Climate models show the hellish planet may have held liquid water for billions of years.

NASA / JPL

Venus is a hellhole. Despite being much closer to Earth than Mars, its climate is off-the-charts insane, with average temperatures of 864 degrees F, crushing barometric pressure, and did I mention the volcanoes? It's hard to believe that as little as 750 million years ago, it may have had oceans of liquid water and an Earth-like, habitable climate, according to simulations from NASA Goddard Institute researchers. Those conditions may have endured for several billion years, until volcanoes transformed it into its present, hostile state.

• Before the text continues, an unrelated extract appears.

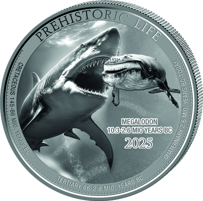 1 Unze Silber Prehistoric Life Megalodon 2025 (Auflage: 10.000)

Venus is nearly the same size as Earth and is 25.8 million miles closer to the Sun, so it receives about 40 percent more solar radiation. It's still on the edge of the so-called habitable zone, but the atmosphere is heated in the extreme by greenhouse effects caused by the dense, mostly carbon dioxide atmosphere. The thick clouds also reflect 70 percent of sunlight back into space, making it the brightest object in the sky, other than the moon.

Astronomers figure it wasn't always like that, though. While Venus now has very little water in its atmosphere, it could have had oceans as deep as 525 meters (1,700 feet) billions of years ago. The atmosphere was likely far less thick and toxic, too. The Goddard team plugged all of those factors into climate models used for Earth, and they showed that it had a mean surface air temperature of 11 degrees C (52 degrees F), with max temperatures at 95 degrees F. That means that several billion years ago it could have been just as likely to support life as Earth, if not more so.

The surface of Venus in false color (NASA/JPL)

There are a lot of "ifs," though. The simulation depends on the rotational period and topography of Venus being about the same as they are today. Venus currently takes a ridiculous 243 Earth days to spin once on its own axis (longer than its 225-day year), but planets often spin faster when they're younger. When the simulation was re-run with a much faster rotational period of 16 Earth days, average temperatures were nearly five times hotter -- 133 degrees F, maxing at an inhospitable 183 degrees F. Changing the landscape to be more Earth-like, meanwhile, yielded temperatures warmer by 18 degrees F, which is also borderline for life.

The new models don't prove that Venus was once habitable, but they do show that it could have been. That knowledge may allow astronomers to reconsider exoplanet habitable zones by taking rotation into account. It also provides another theory for how life got on Earth. Scientists already think that meteor impacts spread materials between Mars and our planet, possibly seeding life. If Venus harbored life billions of years ago, it might have done so, too.

The work may also motivate scientists to search for life on Venus as well as Mars. That won't be easy, however, because the Venera probes Russia sent didn't last more than a couple of hours in the extreme temperatures.